For everyone else, it came to an end with a snowy video clip from a security camera. The footage showed a grainy gray figure, shrouded in a hoodie, skulking outside an office building on a DC street. It all happens quickly: a dark-suited man emerges from the lobby, the hooded figure raises a gun. A flash of light. The dark-suited figure crumples. And then, just before fleeing off-screen, the man in the hoodie glances up at the security camera, as if just noticing it for the first time, his sunglassed face centered in the still frame.

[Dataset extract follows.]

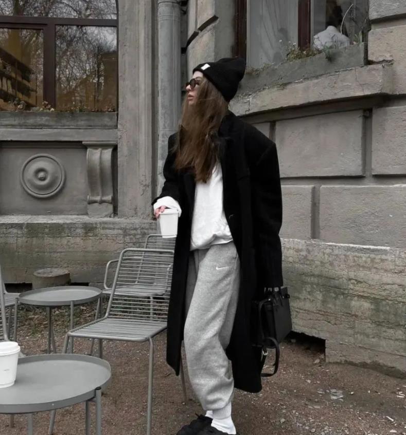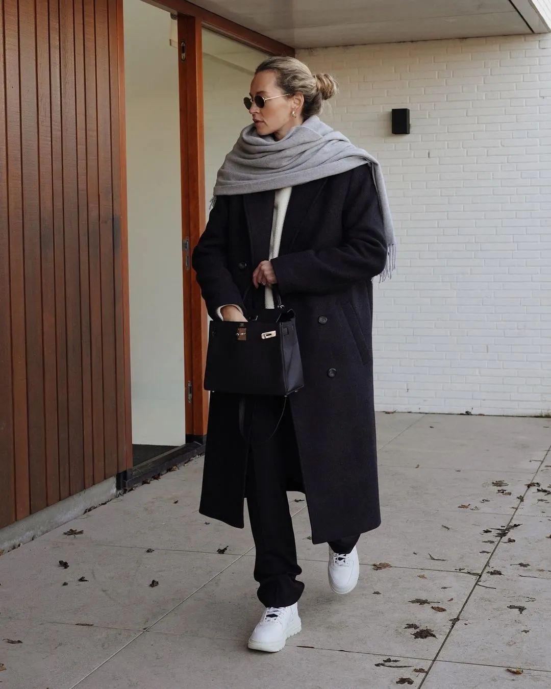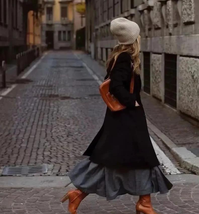 不管在什麼時候,灰色+黑色+白色這幾種配色都是不過時的,超級經典百搭,沉悶的黑色大衣,內搭就要用白色來平衡。灰色的百褶裙,讓穿搭看起來更高級了。

The dark-suited figure, news reports explained as they ran the clip on a loop, was a senator from Texas, one of the most hawkish on what he called the Chinese Crisis. He’d made a name for himself with fiery calls for sanctions, polemics on the creeping menace of Chinese industry, thinly veiled insinuations about loyalty. But with the assassination attempt, public opinion made a swift U-turn: though the face of the man in the hoodie was too blurry to identify him, it was clear enough to show that he was East Asian—based on the context, analysts concluded, likely Chinese. Police departments were flooded with calls pointing fingers at neighbors, coworkers, the barista at the corner café. On social media, dozens of photos—pulled from online records, dating profiles, work portraits, vacation snapshots—were posted side by side with the still frame from the security tape by those sure they’d cracked the case. All in all, amateur sleuths would positively identify the culprit as thirty-four different men, aged nineteen to fifty-six and none resembling another, and because of this the shooter would never be apprehended, no one would ever be charged, and every Asian face would always remain a suspect—of the shooting, or of secretly sympathizing with it. From his hospital bed, bandaged shoulder prominently featured, the senator beat his drum. You see? They’ll stop at nothing, even cold-blooded murder. And who might be next? Editorials weighed in: not just an attack on the physical person of one senator, but an outright attack on our government, on our very way of life.